Nachfolgende experimentelle Infektionen setzten Zebrafischembryonen, Jugendliche und Erwachsene durch Eintauchen und / oder intraperitoneale (IP) Injektion SHRV aus.[9] Während Embryonen und Larven durch Eintauchen anfällig für Infektionen waren, waren erwachsene Zebrafische nur durch IP-Injektion anfällig für Infektionen.[9]Die Histopathologie infizierter Embryonen und Jungfische ergab eine Ansammlung von Gefäßmonozyten, eine Ansammlung von Zelltrümmern in der Gasblase, eine Nekrose von Hepatozyten und eine Nekrose von Pharynxepithelzellen.[9] SHRV induzierte die Genexpression von Interferon (IFN) und Orthomyxovirus-Resistenz (Mx) im Zebrafisch in Mengen, die vom Impfweg und dem Alter der Fische abhängen.[9]

Verweise[edit]

  1. ^ Rhabdoviridae ICTVdB-Index der Viren, Version 28, Juni 2002. Abgerufen am 15.07.2007.
  2. ^ ein b c d e Johnson MC, Simon BE, Kim CH, Leong JA (März 2000). “Produktion von rekombinantem Schlangenkopf-Rhabdovirus: Das NV-Protein wird für die Virusreplikation nicht benötigt.”. J. Virol. 74 (5): 2343–50. doi:10.1128 / JVI.74.5.2343-2350.2000. PMC 111716. PMID 10666265.
  3. ^ ein b c d e f G Ahne, W; Jorgensen, PEV; Olesen, NJ; Wattanavijarn (1988). Serologische Untersuchung eines aus Schlangenkopf isolierten Rhabdovirus (Ophicepahlus striatus) in Thailand mit ulzerativem Syndrom “. Zeitschrift für Angewandte Ichthyologie. 4 (4): 194–196. doi:10.1111 / j.1439-0426.1988.tb00562.x.
  4. ^ ein b Frerichs, GN; Millar, SD; Chinabut, S. (1993). “Klinisches Ansprechen von Schlangenköpfen (Ophicephalus striatus) zur experimentellen Infektion mit dem Rhabdovirus der Schlangenkopffische und dem Rhabdovirus der Schlangenkopfzelllinie “. Aquakultur. 116 (4): 297–301. doi:10.1016 / 0044-8486 (93) 90414-T.
  5. ^ ein b c Alonso, M; Kim, CH; Johnson, MC; Pressley, M; Leong, J (2004). “Das NV-Gen des Snakehead-Rhabdovirus (SHRV) ist für die Pathogenese nicht erforderlich, und ein heterologes Glykoprotein kann in die SHRV-Hülle eingebaut werden.”. Zeitschrift für Virologie. 78 (11): 5875–5882. doi:10.1128 / JVI.78.11.5875-5882.2004. PMC 415808. PMID 15140985.

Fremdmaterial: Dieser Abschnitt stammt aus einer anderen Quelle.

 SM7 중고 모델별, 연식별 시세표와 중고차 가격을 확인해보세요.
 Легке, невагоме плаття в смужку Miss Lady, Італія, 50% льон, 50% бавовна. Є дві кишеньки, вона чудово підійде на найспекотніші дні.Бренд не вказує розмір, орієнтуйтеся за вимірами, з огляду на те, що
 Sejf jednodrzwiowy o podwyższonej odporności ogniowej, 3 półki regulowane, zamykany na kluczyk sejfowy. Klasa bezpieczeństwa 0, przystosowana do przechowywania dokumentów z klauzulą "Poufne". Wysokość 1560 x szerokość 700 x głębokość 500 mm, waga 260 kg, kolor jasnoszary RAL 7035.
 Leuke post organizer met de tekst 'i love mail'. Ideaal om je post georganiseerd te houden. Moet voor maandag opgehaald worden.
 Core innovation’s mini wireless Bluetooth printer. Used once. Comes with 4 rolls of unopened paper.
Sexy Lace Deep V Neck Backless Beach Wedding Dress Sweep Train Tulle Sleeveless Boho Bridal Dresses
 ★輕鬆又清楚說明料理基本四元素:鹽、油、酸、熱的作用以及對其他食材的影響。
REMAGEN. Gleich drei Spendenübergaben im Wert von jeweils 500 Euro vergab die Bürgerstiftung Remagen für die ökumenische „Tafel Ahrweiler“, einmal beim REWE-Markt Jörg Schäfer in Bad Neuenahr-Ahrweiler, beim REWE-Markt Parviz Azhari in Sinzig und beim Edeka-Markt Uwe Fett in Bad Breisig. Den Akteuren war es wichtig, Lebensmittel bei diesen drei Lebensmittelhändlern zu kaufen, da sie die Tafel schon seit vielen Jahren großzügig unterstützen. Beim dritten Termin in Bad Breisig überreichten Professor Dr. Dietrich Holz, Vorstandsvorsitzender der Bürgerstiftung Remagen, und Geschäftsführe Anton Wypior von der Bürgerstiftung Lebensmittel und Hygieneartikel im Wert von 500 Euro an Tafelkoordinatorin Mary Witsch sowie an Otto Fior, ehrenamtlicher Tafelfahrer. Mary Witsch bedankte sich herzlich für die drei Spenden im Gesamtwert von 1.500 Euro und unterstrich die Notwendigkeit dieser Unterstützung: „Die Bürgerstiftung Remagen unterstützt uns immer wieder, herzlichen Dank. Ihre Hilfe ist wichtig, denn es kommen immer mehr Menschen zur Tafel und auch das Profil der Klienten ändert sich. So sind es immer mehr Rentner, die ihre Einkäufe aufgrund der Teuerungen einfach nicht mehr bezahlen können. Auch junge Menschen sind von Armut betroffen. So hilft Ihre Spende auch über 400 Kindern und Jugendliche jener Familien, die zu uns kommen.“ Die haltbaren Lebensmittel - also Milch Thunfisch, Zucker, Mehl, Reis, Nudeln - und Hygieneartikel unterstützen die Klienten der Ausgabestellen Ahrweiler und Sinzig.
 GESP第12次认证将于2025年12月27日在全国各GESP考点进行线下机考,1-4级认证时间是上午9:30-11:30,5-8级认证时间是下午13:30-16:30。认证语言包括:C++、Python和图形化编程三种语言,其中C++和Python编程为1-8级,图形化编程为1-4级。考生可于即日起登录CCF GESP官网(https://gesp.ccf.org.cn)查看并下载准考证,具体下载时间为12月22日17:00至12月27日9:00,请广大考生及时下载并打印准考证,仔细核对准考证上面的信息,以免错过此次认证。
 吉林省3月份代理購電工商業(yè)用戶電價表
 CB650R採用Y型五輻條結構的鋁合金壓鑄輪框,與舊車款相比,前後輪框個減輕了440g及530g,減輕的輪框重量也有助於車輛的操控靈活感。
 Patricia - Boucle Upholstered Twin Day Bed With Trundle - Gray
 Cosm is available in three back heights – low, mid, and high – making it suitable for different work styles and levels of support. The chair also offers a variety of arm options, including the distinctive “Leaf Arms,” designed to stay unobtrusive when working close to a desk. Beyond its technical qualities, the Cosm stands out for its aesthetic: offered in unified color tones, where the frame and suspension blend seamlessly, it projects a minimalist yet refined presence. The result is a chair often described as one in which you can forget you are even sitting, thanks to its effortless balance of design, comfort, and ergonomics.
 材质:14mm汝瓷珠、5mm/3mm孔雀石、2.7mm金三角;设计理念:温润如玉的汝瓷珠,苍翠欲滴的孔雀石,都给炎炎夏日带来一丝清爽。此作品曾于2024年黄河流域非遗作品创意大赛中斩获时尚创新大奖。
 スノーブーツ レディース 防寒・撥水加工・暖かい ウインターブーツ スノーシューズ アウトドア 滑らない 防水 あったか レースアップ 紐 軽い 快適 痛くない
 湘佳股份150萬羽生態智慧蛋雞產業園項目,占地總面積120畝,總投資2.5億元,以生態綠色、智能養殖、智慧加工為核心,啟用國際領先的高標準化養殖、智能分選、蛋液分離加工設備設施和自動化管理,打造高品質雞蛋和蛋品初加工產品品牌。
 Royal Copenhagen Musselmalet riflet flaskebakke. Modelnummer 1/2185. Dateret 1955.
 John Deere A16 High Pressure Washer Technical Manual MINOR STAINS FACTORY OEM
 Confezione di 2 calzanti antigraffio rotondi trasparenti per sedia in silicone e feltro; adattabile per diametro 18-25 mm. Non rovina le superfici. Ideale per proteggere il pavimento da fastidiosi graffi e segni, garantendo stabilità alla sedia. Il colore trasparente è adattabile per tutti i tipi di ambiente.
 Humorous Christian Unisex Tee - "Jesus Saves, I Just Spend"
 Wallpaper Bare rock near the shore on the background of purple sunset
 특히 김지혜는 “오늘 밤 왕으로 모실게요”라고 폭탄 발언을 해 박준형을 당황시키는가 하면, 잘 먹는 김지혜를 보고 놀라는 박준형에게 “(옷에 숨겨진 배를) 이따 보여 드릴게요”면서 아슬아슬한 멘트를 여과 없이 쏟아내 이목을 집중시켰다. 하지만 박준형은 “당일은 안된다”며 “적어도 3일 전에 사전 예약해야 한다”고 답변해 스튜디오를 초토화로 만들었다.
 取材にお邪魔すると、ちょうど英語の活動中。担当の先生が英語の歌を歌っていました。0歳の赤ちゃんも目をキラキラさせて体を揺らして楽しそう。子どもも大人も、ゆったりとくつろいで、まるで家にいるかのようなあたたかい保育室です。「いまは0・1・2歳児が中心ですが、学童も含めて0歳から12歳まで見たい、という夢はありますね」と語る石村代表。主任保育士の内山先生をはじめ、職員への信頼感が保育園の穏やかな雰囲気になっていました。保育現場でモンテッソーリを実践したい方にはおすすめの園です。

  6. ^ ein b Kurath, G; Ahern, KG; Pearson, GD; Jeong, JC (1985). “Molekulare Klonierung der sechs mRNA-Spezies des infektiösen hämatopoetischen Nekrose-Virus, eines Fisch-Rhabdovirus, und Bestimmung der Genreihenfolge durch R-Loop-Kartierung”. Zeitschrift für Virologie. 53 (2): 469–476. PMC 254659. PMID 3838192.
  7. ^ Johnson MC, Maxwell JM, Loh PC, Leong JA (November 1999). “Molekulare Charakterisierung der Glykoproteine ​​aus zwei Warmwasser-Rhabdoviren: Schlangenkopf-Rhabdovirus (SHRV) und Rhabdovirus von Penaeidengarnelen (RPS) / Frühlingsvirämie des Karpfenvirus (SVCV)”. Virus Res. 64 (2): 95–106. doi:10.1016 / S0168-1702 (99) 00071-4. PMID 10518707.
  8. ^ ein b c d e f Frerichs, GN (1990). “Wirksamkeit chemischer Desinfektionsmittel gegen das Schlangenkopf-Rhabdovirus”. Zeitschrift für Angewandte Ichthyologie. 6 (2): 117–123. doi:10.1111 / j.1439-0426.1990.tb00509.x.
  9. ^ ein b c d Phelan, PE; Pressley, ME; Witten, PE; Mellon, MT; Blake, S; Kim, CH (2005). “Charakterisierung der Schlangenkopf-Rhabdovirus-Infektion bei Zebrafischen (Danio rerio)) “. Zeitschrift für Virologie. 79 (3): 1842–1852. doi:10.1128 / JVI.79.3.1842-1852.2005. PMC 544118. PMID 15650208.